--- WHAT IS EXPECTED ---
Once the line containing "The share of" is found in the records below, return it and each following line exactly, up to and including the line containing "role in anti-slip", and nothing else.

--- GIVEN ENTRIES ---
────────────────────

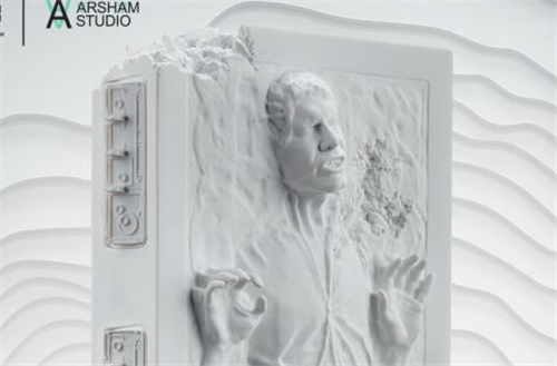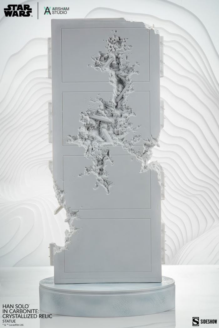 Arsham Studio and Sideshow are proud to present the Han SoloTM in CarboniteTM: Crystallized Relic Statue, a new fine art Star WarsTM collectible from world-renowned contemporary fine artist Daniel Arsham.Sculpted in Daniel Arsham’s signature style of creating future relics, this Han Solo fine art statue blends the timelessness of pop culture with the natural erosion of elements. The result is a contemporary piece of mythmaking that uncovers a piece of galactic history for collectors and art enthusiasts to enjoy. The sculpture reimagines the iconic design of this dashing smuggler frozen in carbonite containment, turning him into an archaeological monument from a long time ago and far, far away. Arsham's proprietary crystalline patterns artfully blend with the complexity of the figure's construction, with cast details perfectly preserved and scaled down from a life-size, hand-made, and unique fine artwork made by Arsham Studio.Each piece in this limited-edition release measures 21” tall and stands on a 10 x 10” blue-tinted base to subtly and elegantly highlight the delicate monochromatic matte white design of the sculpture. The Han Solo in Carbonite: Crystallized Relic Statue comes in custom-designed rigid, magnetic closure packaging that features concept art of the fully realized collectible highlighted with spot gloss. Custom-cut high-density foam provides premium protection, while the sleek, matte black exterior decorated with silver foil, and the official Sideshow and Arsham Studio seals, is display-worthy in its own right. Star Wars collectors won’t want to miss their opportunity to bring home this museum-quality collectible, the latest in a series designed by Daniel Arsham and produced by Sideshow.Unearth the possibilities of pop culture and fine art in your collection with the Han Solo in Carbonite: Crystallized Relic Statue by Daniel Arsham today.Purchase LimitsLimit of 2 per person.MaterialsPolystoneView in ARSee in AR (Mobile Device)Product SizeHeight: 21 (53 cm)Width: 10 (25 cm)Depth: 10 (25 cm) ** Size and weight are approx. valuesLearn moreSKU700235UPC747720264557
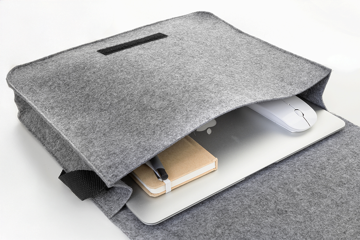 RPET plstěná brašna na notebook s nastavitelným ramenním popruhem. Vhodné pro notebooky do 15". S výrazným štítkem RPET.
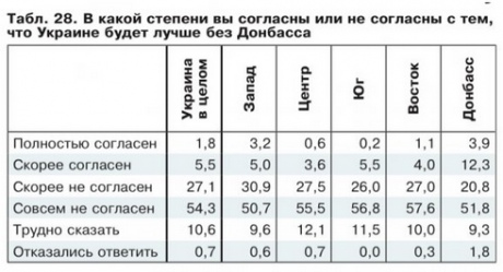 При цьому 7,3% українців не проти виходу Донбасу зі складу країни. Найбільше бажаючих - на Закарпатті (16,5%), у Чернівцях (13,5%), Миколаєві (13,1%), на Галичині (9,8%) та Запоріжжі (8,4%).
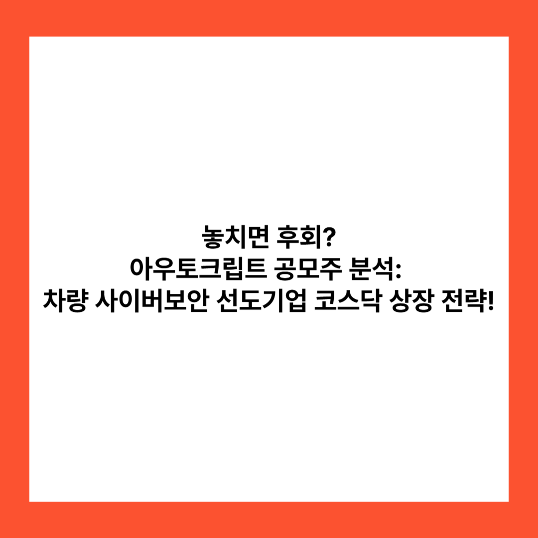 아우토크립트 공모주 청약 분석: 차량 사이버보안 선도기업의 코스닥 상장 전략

────────────────────

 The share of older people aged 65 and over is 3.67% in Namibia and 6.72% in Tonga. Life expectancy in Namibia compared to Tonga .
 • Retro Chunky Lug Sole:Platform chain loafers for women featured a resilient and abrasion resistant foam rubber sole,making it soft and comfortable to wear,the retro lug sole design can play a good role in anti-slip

────────────────────

--- EXERCISE OUTPUT ---
 The share of older people aged 65 and over is 3.67% in Namibia and 6.72% in Tonga. Life expectancy in Namibia compared to Tonga .
 • Retro Chunky Lug Sole:Platform chain loafers for women featured a resilient and abrasion resistant foam rubber sole,making it soft and comfortable to wear,the retro lug sole design can play a good role in anti-slip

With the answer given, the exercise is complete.